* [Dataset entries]
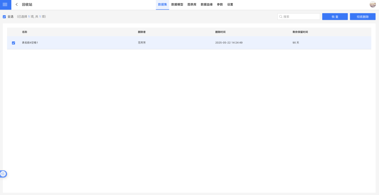 应用内回收站中存放的数据集可以进行恢复,也可以彻底删除,回收站内的资源最多保留90天。有应用管理和应用编辑权限的人才能见到应用内回收站入口。
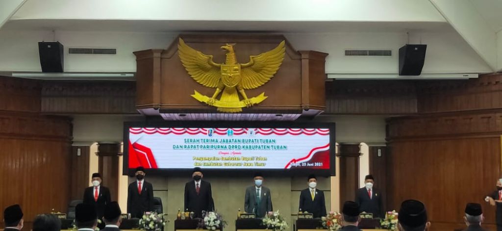 TUBAN (Realita) - Dewan Perwakilan Rakyat (DPRD) Kabupaten Tuban menggelar serah terima jabatan (Sertijab) Bupati dan Wakil Bupati Tuban terpilih Aditya Halindra Faridzky - Riyadi, di gedung DPRD Kabupaten Tuban, Jumat (24/6/21).
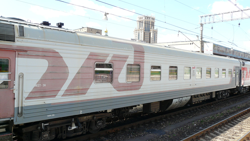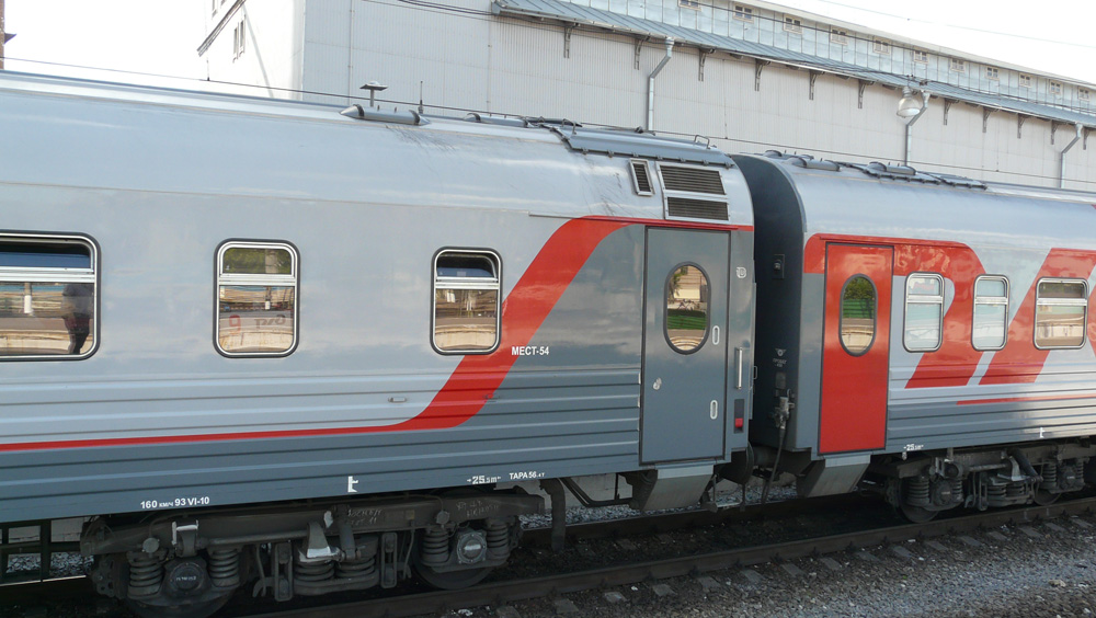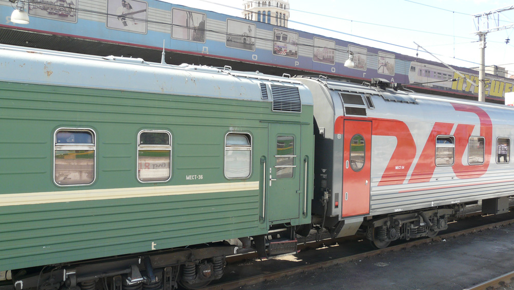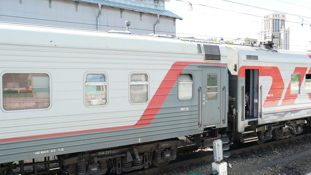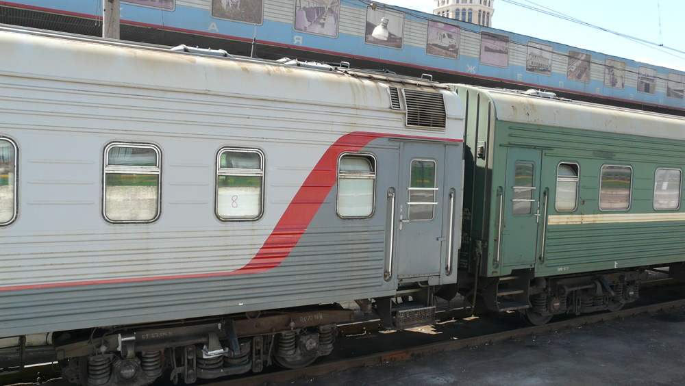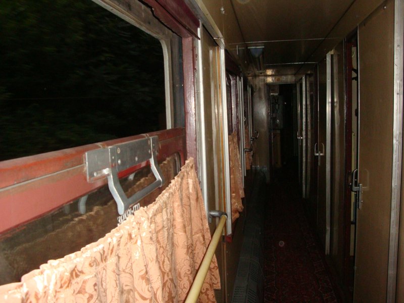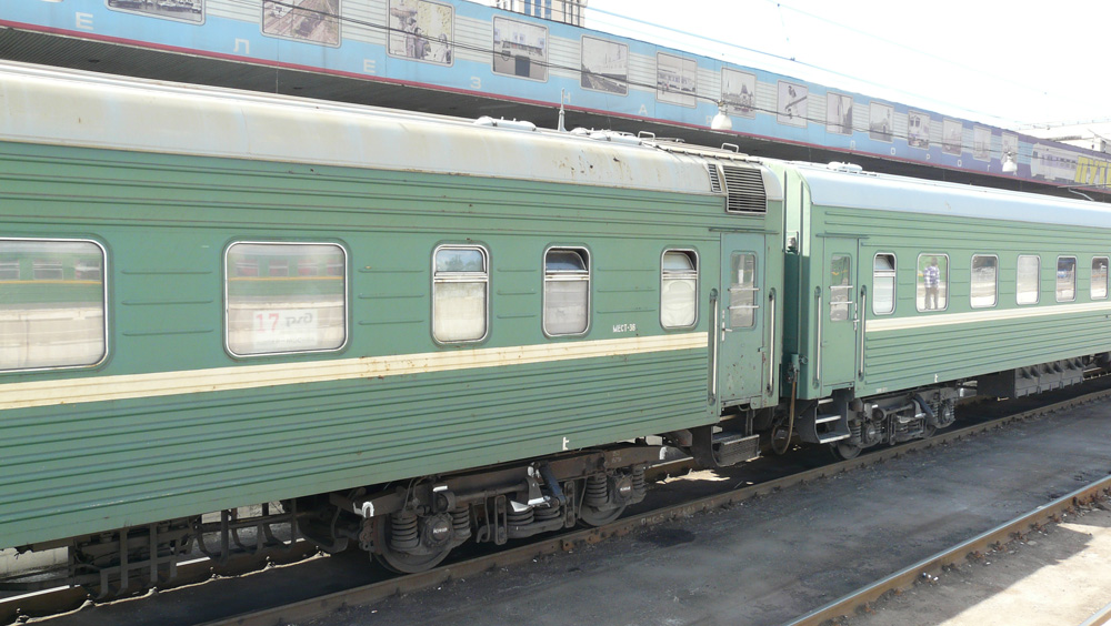 Я ехал в первом вагоне, он выглядел внешне хуже всех, это был обычный КВЗ с деревянными рамами. Серая краска смотрелась убого, кое-где уже пооблуплялась. Интересно, что вагон судя по номеру 004 21883 принадлежит Октябрьской дороге, все остальные вагоны СКЖД. Другой плацкартник был тверской первых новых серий, со стеклопакетами, купейные - Аммендорфы.
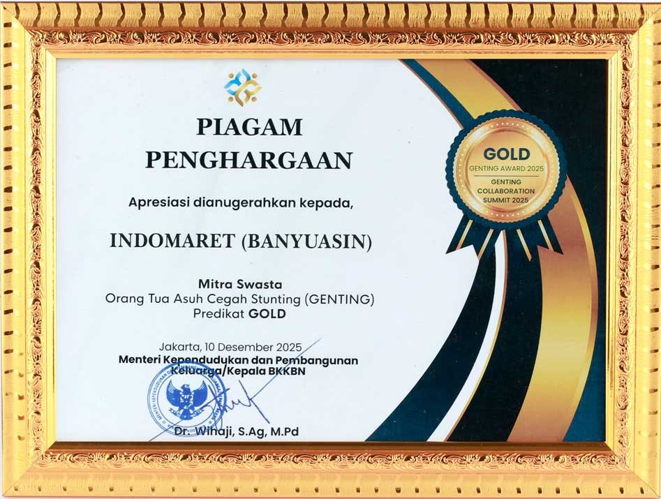 Indomaret kembali menambah daftar prestasinya pada tahun 2025. Melalui perwakilan cabang Banyuasin, Indomaret berhasil meraih Predikat GOLD kategori Mitra Swasta dalam ajang Genting Collaboration Summit 2025 yang mengusung tema “Sinergi untuk Negeri, Wujudkan Indonesia Bebas Stunting,” yang dihelat di JS Luwansa Hotel, Kuningan, Jakarta Selatan, Rabu (10/12/2025). Acara tersebut dihadiri oleh Menteri Kependudukan dan Pembangunan Keluarga/Kepala Badan Kependudukan dan Keluarga Berencana Nasional (BKKBN), Dr. Wihaji, S.Ag, M.Pd., serta lebih dari 300 nominator penerima penghargaan dari unsur pemerintah, BUMN/D, swasta, hingga perorangan dari seluruh Indonesia.
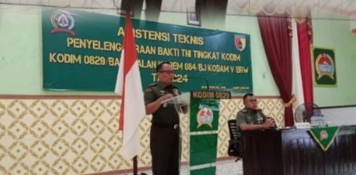 BANGKALAN- Dandim 0829/Bangkalan Letkol inf Nanang Fahrur Rozi.S.Pd. mendampingi Tim Asnis Pusterad memberikan arahan dan motivasi untuk menyamakan persepsi tentang pelaksanaan kegiatan Bakti TNI oleh Kodim Bangkalan bertempat di Gedung Manunggal Kodim 0829/Bangkalan jl. Jl. Letnan Abdullah no 4. Kelurahan Keraton, Kecamatan Bangkalan, Kabupaten Bangkalan, Kamis (30/05/2024).

* [REQUIRED WORK] Return the stretch of data that begins with the line showing "TUBAN (Realita) - Dewan" and goes on through the line showing "Я ехал в первом", exactly, with pictures removed.

* [EXERCISE RESULT]
 TUBAN (Realita) - Dewan Perwakilan Rakyat (DPRD) Kabupaten Tuban menggelar serah terima jabatan (Sertijab) Bupati dan Wakil Bupati Tuban terpilih Aditya Halindra Faridzky - Riyadi, di gedung DPRD Kabupaten Tuban, Jumat (24/6/21).
 Я ехал в первом вагоне, он выглядел внешне хуже всех, это был обычный КВЗ с деревянными рамами. Серая краска смотрелась убого, кое-где уже пооблуплялась. Интересно, что вагон судя по номеру 004 21883 принадлежит Октябрьской дороге, все остальные вагоны СКЖД. Другой плацкартник был тверской первых новых серий, со стеклопакетами, купейные - Аммендорфы.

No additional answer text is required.